Californians voted overwhelmingly against Proposition 30, a ballot measure that would have taxed the rich to fund emission-reducing electric vehicle programs for low- and middle-income Californians as well as fund programs to fight wildfires. The Associated Press called a No victory last night. As of this writing, No has 3,080,825 votes, or 58.9 percent, with 38 percent of expected votes counted.
The ballot proposed adding a 1.75 percent tax to income over $2 million. The windfall would have been used to fund EV-subsidy programs and charging-station initiatives, and provide funding for fighting and preventing wildfires, over the next 20 years.
Prop 30 polled well initially, until a coalition of right-leaning anti-tax groups joined with Gov. Gavin Newsom (who won re-election yesterday) to oppose it.
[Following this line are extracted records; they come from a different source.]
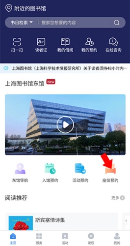 打开上海图书馆,在首页点击座位预约选项
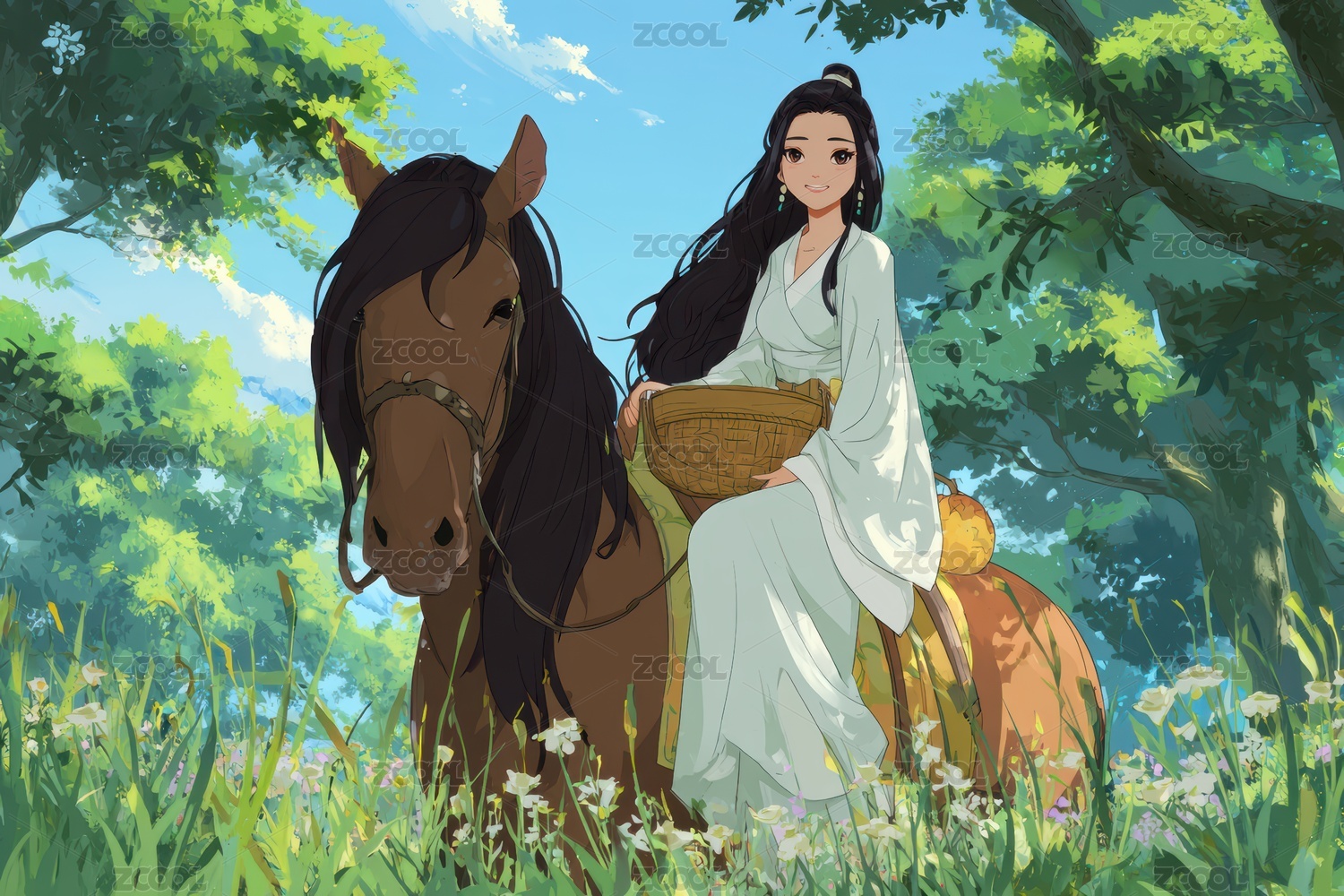 花草,少女,竹林,篮子,长发,白袍,白马,橙果,晨雾
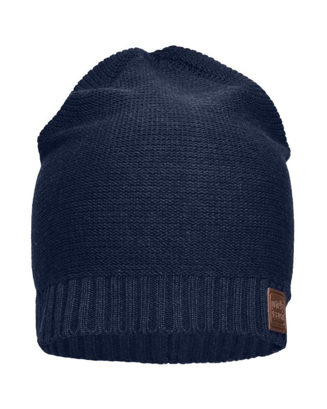 100% cotone. Cappello trendy in cotone Bordato con un trendy disegno a costina, Etichetta in finta pelle sulla visiera, Peso: 45 g. In maglia.
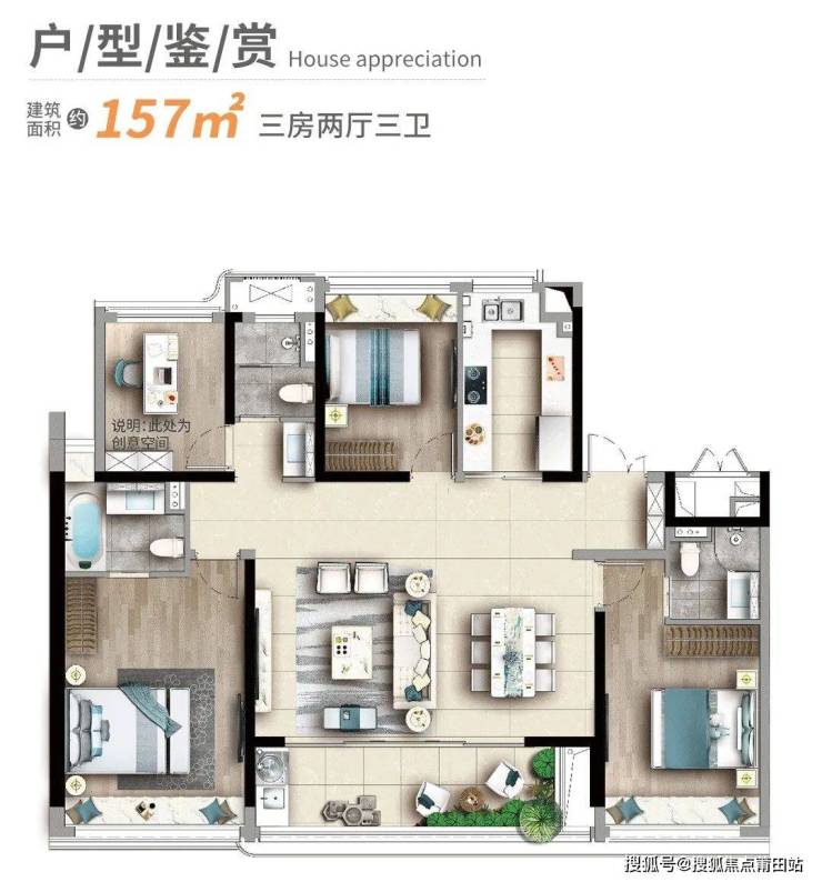 建筑面积约157㎡户型,客餐厅超35㎡,南向开间更是拉大至约7米,敞亮通透,成为家人最喜欢的空间,装下多种美好生活场景。

In a frequently-aired TV spot, Newsom called Prop 30 “one company’s cynical scheme to grab a huge taxpayer subsidy.” The company in question is Lyft, the ridehailing firm, because its drivers would be able to use the subsidy to convert their fleet to electric cars.
Transportation and electrification experts said this characterization of Prop 30 was not accurate. Gregory Pierce, a professor at the UCLA Luskin Center for Innovation, told Motherboard earlier this week that “it’s ridiculous” to characterize Prop 30 as a corporate handout. “There is no carveout. There’s nothing about Lyft drivers or Lyft, or anything in particular benefiting them except that Lyft drivers have vehicles like other folks who might benefit from a lot more money for EVs.”
Nevertheless, polling on Prop 30 swiftly swung after Newsom came out against it and, as a result, the defeat was expected.